A total of 124 eyes with different glaucoma subtypes and severities were included. At three years mean intraocular pressure (IOP) was reduced by 22% (P<0.001) (16.9 mmHg to 13.17mmHg). The mean number of medications was reduced by 51% (P<0.001) postoperatively (2.38 to 1.16 medications). 76% of eyes eliminating ≥1 medication and 37% of eyes eliminating ≥2 medications. At three years, 96% of eyes achieved IOP ≤18mmHg (vs. 69% preoperatively), 80% of eyes achieved IOP ≤15mmHg (vs 40% preoperatively), and 42% of eyes achieved IOP ≤12mmHg (vs. 7% preoperatively). Post-phacoemulsification cup-to-disc ratio, visual field (VF) mean deviation, and RNFL and GCIPL thickness remained stable.


Comment: This study demonstrated a sustained and significant IOP and medication reduction, with a good safety profile observed over three years across all glaucoma subtypes and severities. MIGS procedures, from inception, offered the appeal of having a good benefit-risk profile when compared to more traditional filtration surgery.


Patient selection is extremely important when considering MIGS devices. The authors explain that the i-stent is suited to patients whose disease does not necessitate a dramatic IOP reduction. This study suggests, that in the appropriate patients, iStent Inject could be a durable, consistent and safe minimally invasive surgical intervention to consider in the arsenal of the glaucoma surgeon.



Glaucoma-related central VF deterioration after vitrectomy for epiretinal membrane: topographic characteristics and risk factors.

Tsuchiya S et al

Eye 2021; 35:919–928


Review: This study sought to identify risk factors for glaucoma-related central VF deterioration after vitrectomy with internal limiting membrane (ILM) peel for epiretinal membrane (ERM).

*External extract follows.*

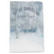 Merry christmas customisable text. White and blue grey tones winter scene in secluded wood and romantic cute house.

The eyes of 33 patients with and without glaucoma who underwent vitrectomy with ILM peel for ERM were analysed and Humphrey 10–2 VFs and ganglion cell complex (GCC) thickness were measured at baseline, three, six and 12 months postoperatively. VF mean deviation significantly deteriorated postoperatively only in the eyes with glaucoma (P<0.001). Older age, longer axial length, pre-operative worse mean deviation (ie. worse glaucoma) and thinner GCC were all found to be significant risk factors for postoperative deterioration. Sector-wise analysis revealed that total deviation in the superior/inferior outer arcuate sectors significantly deteriorated only in the glaucoma group. Pre-operative worse total deviation and thinner GCC were significant risk factors for deterioration in the superior outer-arcuate sector.


Comments: Previous studies have introduced the concept that PPV may cause VF loss and PPV with ILM peel for ERM may result in VF deterioration in patients with coexisting glaucoma. This study goes onto add that the central VF within 10⁰, especially in the outer-arcuate sectors, deteriorated post procedure in eyes with glaucoma, while it remained stable in eyes without glaucoma. It also identified that worse VF and thinner ganglion cell complex were predictors of postoperative central VF worsening. The results of this study suggest that careful consideration needs to be taken when considering management of ERM in patients with pre-exisiting glaucoma and that eyes with advanced glaucoma are at higher risk of postoperative central VF deterioration.


Dr Kaliopy Matheos is a consultant ophthalmologist and subspecialist in glaucoma and cataract at Greenlane Hospital (ADHB) and in private practice at Eye Institute, Auckland.